# Front Lighting a Church Stage



## rroten (May 8, 2015)

Hi All,

I am currently designing a basic lighting system to front light our church stage area. The stage is 34' wide, by 12' deep at the center (diagram attached). Lighting hangs would be about 20' throw distance. I would like to highlight the podium zone with 2 point lighting (ellipsoidal). I was thinking of using Par 56 cans lamped at 500W for the rest, but I'm not sure how many I need. I was thinking of 5 zones, with the podium zone being handled by the ellipsoidal pair. That leaves 4 zones for the Pars to cover. Does anyone have suggestions? I would consider using ellipsoidals everywhere, but I'm worried about the increased cost. I likely wouldn't be able to afford 2-point all the way across with ellipsoidals.


----------



## lwinters630 (May 8, 2015)

rroten said:


> Hi All,
> 
> I am currently designing a basic lighting system to front light our church stage area. The stage is 34' wide, by 12' deep at the center (diagram attached). Lighting hangs would be about 20' throw distance. I would like to highlight the podium zone with 2 point lighting (ellipsoidal). I was thinking of using Par 56 cans lamped at 500W for the rest, but I'm not sure how many I need. I was thinking of 5 zones, with the podium zone being handled by the ellipsoidal pair. That leaves 4 zones for the Pars to cover. Does anyone have suggestions? I would consider using ellipsoidals everywhere, but I'm worried about the increased cost. I likely wouldn't be able to afford 2-point all the way across with ellipsoidals.
> View attachment 11983


The answer is more complex. If you video or will, then you need a minimum 3 point.
If your audience wraps around the thrust stage, then cross light the face. A 10' diameter divided by your throw distance will give you the degree lense. Pars are oval beams with little control to keep off video screens or other areas. If it were me use source 4 elellipsoidals With zone 1, 2, 4, and 5 straight on. Zone 3 podium cross lit. Soft focus edge, peak the field and overlap edges 10%. As funds become available add source 4 pars as back light.


----------



## rroten (May 9, 2015)

lwinters630 said:


> The answer is more complex. If you video or will, then you need a minimum 3 point.
> If your audience wraps around the thrust stage, then cross light the face. A 10' diameter divided by your throw distance will give you the degree lense. Pars are oval beams with little control to keep off video screens or other areas. If it were me use source 4 elellipsoidals With zone 1, 2, 4, and 5 straight on. Zone 3 podium cross lit. Soft focus edge, peak the field and overlap edges 10%. As funds become available add source 4 pars as back light.

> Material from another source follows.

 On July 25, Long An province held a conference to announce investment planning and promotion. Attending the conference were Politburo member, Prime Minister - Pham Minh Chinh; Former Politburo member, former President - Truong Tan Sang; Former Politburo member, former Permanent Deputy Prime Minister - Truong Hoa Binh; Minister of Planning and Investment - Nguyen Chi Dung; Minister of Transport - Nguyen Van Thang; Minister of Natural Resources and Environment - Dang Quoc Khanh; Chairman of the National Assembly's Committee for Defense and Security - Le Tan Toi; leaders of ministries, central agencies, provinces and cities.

Thanks for the advice. No video, and no audience wrap around. I may have enough budget for this if I stick with something like the 575W source4 Jrs or similar. I'm interested in your backlight comment. I'm not really sure I understand how that would look. There is a wall directly behind the stage, so any backlight would be more like downlight. I attached a model of our current stage, and how it will be after the complete remodel.


----------



## BillConnerFASTC (May 9, 2015)

You will want some backlight of some kind to separate people from the wall. Even if just two pair of profiles - on at each upper corner of the back wall - but something.

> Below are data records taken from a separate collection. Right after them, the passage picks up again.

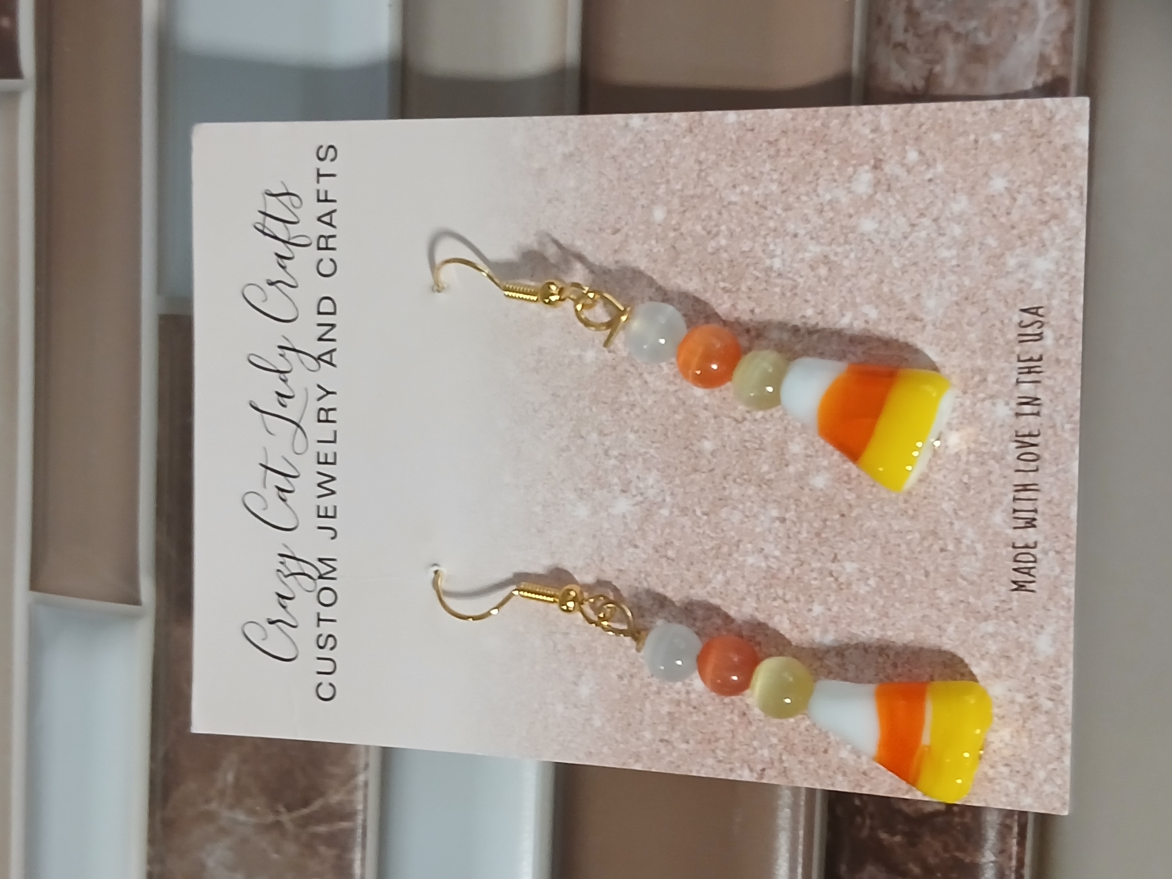Whats Halloween without candy corn? Well these orange white and yellow candy corn earrings are a non spooky way to celebrate Halloween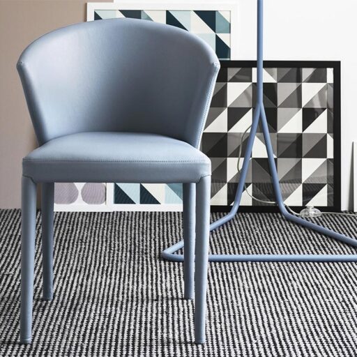 AMÉLIE est une chaise aux lignes douces et au design unique et contemporain. Le large dossier enveloppant et l’assise à sangles élastiques garantissent un confort et une souplesse incomparables. Complètement revêtue, même sur les pieds en métal, elle est disponible en tissu traité antitache et antibactérien ou en cuir véritable, dans notre boutique de chaises designs sur internet.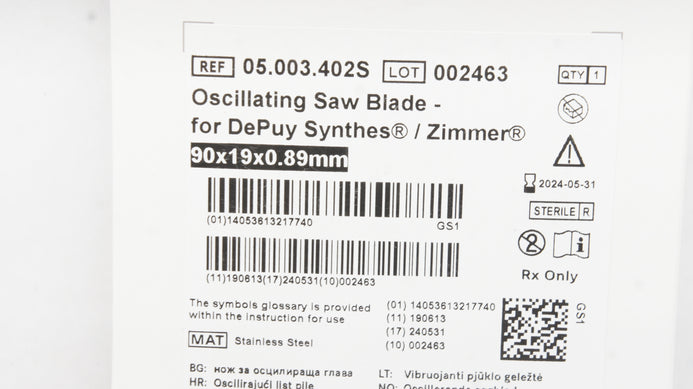 - Brasseler 05.003.402S DePuy Synthes Oscillating Saw Blade 90 x 19 x 0.89mm
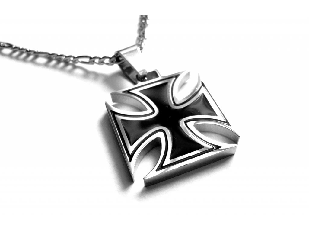 Krásný řetízek v délce cca 55 cm a přívěsek maltézský kříž z chirurgické oceli oblíbený u motorkářů o průměru cca 27 mm. Viz foto.
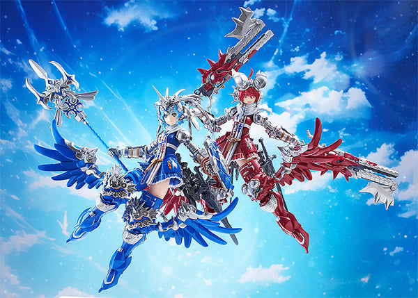 Presenting GODWING DRAGON KNIGHT Ren Firedragon, the third entry in the Akiman x Max Factory plastic model series "GODZ ORDER"! The plastic model is based on an original design by Akiman carefully brought into model form by Max Factory. Three pre-painted face plates?a standard face, a shouting face and a smiling face?are included. An unpainted face plate and eye decals are included as well. Her uniquely designed apron is created with pre-painted PVC parts. The skirt is made with pre-painted PS parts, and decals can be applied to both the frill and main parts to capture the look of the original illustration. Her skirt is also articulated, allowing for unobstructed movement of her legs for posing. The included rifle parts (x2) can be transformed into a great sword. The model comes with arm armor, a waist mounting unit, two swords (for use with Ren) and a short sword. The model can also be displayed without any equipment on. Hand parts are made with flexible PVC. An articulated stand is included to display the model in a variety of poses.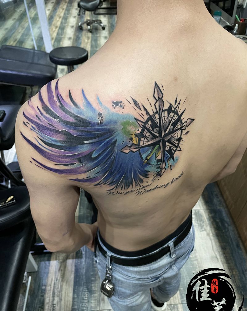 当前位置: 首页 >江苏省盐城市纹身店-佳艺纹身纹身图案>泼墨翅膀纹身图片_肩部水彩New School纹身图案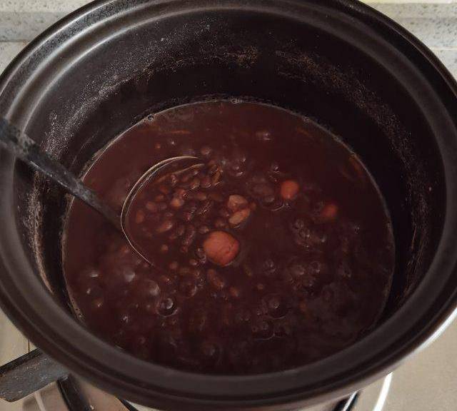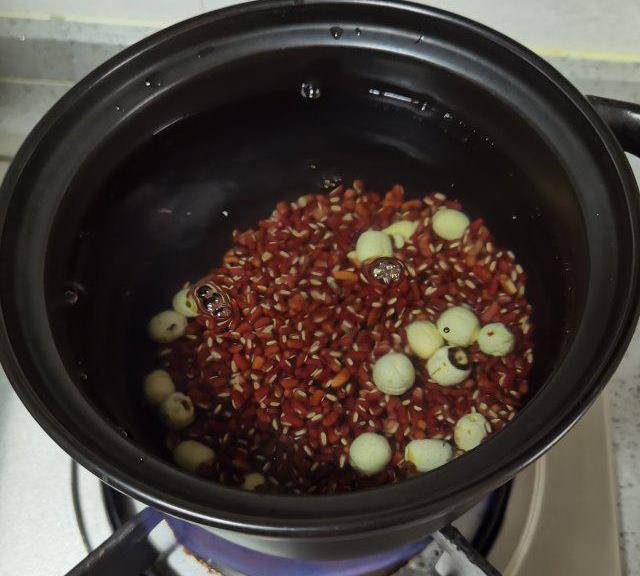 第5步、锅中烧水,凉水将浸泡的赤小豆和莲子放进锅里中小火煮一小时,中间要用勺子不停的搅动。

And the angle off the horizontal (elevation, angle of) is missing from the discussion. I prefer 35 to 40 over the more "theatrical" 45 degrees that allows separating upstage from downstage, which is not practical in 12' on a tight budget, nor that useful.


----------



## JD (May 9, 2015)

Ceiling height is a big factor! You need to make sure you can obtain enough of an angle or you could end up with a lot of complaints. Also, is that a proposed video screen? #2 would probably be better as you want to avoid spill light on the screen. New flat panels have a lot of kick, but you still want to avoid spilling on them which again goes back to how far up you can get the front lights. Clergy types may have a problem with #2 as they would voice their priorities on what is most high  (I work in a church)


----------



## rroten (May 9, 2015)

BillConnerASTC said:


> You will want some backlight of some kind to separate people from the wall. Even if just two pair of profiles - on at each upper corner of the back wall - but something.

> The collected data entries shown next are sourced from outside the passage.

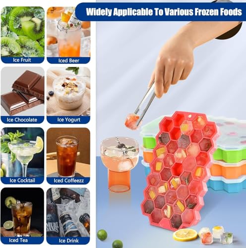 Generic - قالب ثلج فندقي الخلايا 🧊🐝 (٣٧ خلية) - عرض متعدد الاستخدام 🍋🍫- غطاء شفاف - صُنع من السيليكون عالي الجودة👌👌- يتحمل الفريزر والميكرويف وال - من جينيريك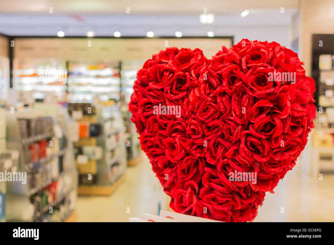 Un Bouquet De Fleurs En Forme De Coeur Devant Un Magasin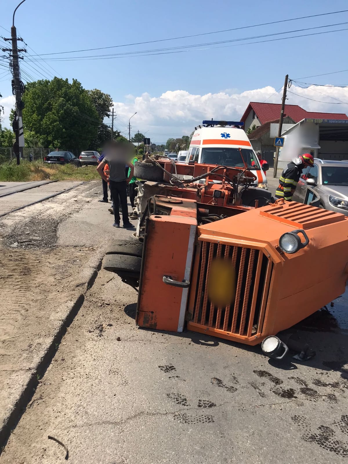 Conducătorul utilajului, conștient și cooperant, a fost preluat de echipajul SAJ pentru a fi transportat la spital.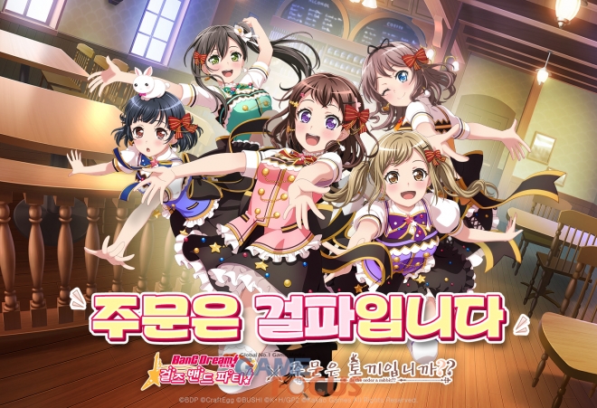 카카오게임즈(각자 대표 남궁훈, 조계현)가 크래프트에그(대표 모리카와 슈이치)와 부시로드(대표 하시모토 요시타카)의 인기 모바일 리듬게임 '뱅드림! 걸즈 밴드 파티!'에서 '주문은 토끼입니까??' 캐릭터 컬래버레이션 이벤트를 진행한다.

Bill, sorry for the stupid question, but what is a profile? Just an ellipsoidal? From an angle stand point, I was hoping to get the front lights at around 45degrees. I don't want to blind anyone on stage.


JD said:


> Ceiling height is a big factor! You need to make sure you can obtain enough of an angle or you could end up with a lot of complaints. Also, is that a proposed video screen? #2 would probably be better as you want to avoid spill light on the screen. New flat panels have a lot of kick, but you still want to avoid spilling on them which again goes back to how far up you can get the front lights. Clergy types may have a problem with #2 as they would voice their priorities on what is most high  (I work in a church)



JD, the first picture is actually how things are now. #2 Is the proposed plan for a multi-stage remodel of our sanctuary which the pastor is 100% on-board with. The screen is a projector screen. 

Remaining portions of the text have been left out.